• _Task details_: The output is the lines below from the one with "Este descubrimiento, ligado" through the one with "Ödeshög sn Kronhjorten", both included, printed exactly and with no other line.

Data extracted from a collection:
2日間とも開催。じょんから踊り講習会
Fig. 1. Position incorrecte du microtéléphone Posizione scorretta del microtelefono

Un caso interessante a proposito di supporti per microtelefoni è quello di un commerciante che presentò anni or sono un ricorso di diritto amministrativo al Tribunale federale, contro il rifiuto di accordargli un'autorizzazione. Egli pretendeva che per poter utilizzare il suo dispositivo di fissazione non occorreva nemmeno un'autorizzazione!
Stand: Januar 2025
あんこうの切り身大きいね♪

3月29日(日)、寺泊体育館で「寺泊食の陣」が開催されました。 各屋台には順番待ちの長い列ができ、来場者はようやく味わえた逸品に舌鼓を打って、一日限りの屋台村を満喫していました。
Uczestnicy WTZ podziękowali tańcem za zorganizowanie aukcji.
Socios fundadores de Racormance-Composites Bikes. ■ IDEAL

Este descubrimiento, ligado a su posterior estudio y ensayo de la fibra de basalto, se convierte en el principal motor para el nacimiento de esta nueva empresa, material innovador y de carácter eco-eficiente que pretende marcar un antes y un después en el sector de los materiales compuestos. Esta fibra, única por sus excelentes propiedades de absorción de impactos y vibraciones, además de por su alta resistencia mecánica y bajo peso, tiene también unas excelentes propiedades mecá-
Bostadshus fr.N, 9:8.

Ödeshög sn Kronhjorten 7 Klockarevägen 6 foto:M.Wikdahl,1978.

* * *

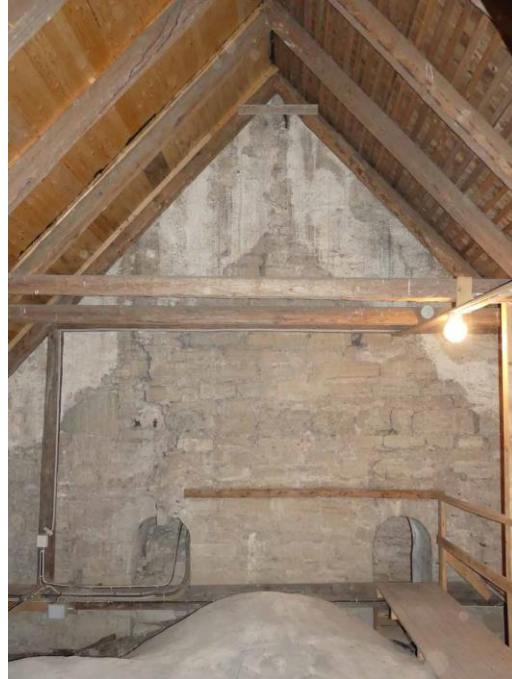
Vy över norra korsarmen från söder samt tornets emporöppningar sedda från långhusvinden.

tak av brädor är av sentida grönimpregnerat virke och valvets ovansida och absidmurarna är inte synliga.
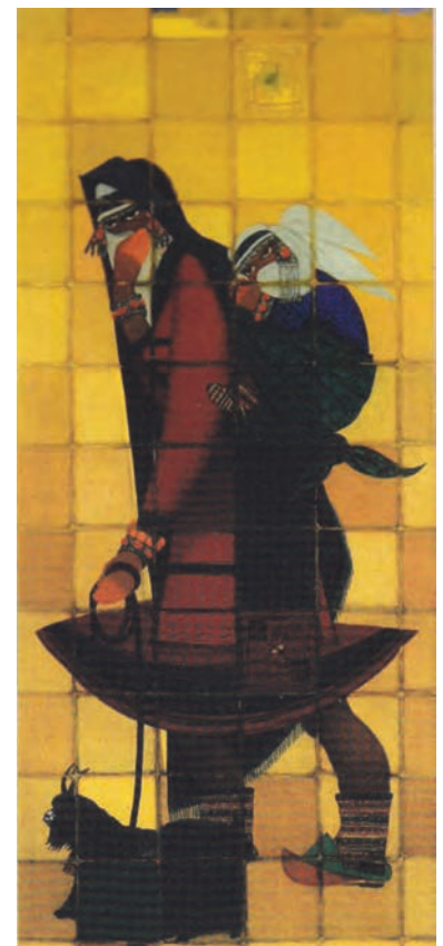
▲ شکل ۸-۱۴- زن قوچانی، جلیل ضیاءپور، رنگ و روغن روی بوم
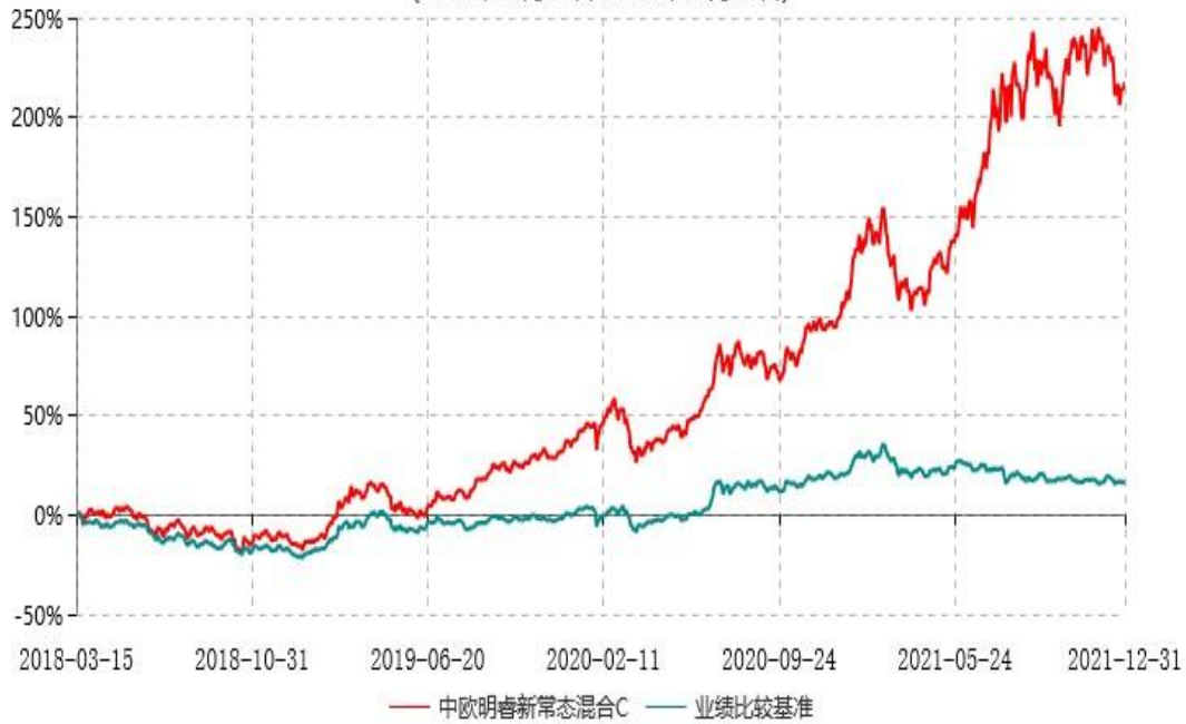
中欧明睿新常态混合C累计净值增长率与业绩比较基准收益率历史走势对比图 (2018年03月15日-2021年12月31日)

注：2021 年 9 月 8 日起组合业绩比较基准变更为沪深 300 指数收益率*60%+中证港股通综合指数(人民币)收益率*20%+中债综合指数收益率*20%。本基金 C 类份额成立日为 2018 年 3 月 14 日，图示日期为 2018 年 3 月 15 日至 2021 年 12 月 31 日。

• _Solution_:
Este descubrimiento, ligado a su posterior estudio y ensayo de la fibra de basalto, se convierte en el principal motor para el nacimiento de esta nueva empresa, material innovador y de carácter eco-eficiente que pretende marcar un antes y un después en el sector de los materiales compuestos. Esta fibra, única por sus excelentes propiedades de absorción de impactos y vibraciones, además de por su alta resistencia mecánica y bajo peso, tiene también unas excelentes propiedades mecá-
Bostadshus fr.N, 9:8.

Ödeshög sn Kronhjorten 7 Klockarevägen 6 foto:M.Wikdahl,1978.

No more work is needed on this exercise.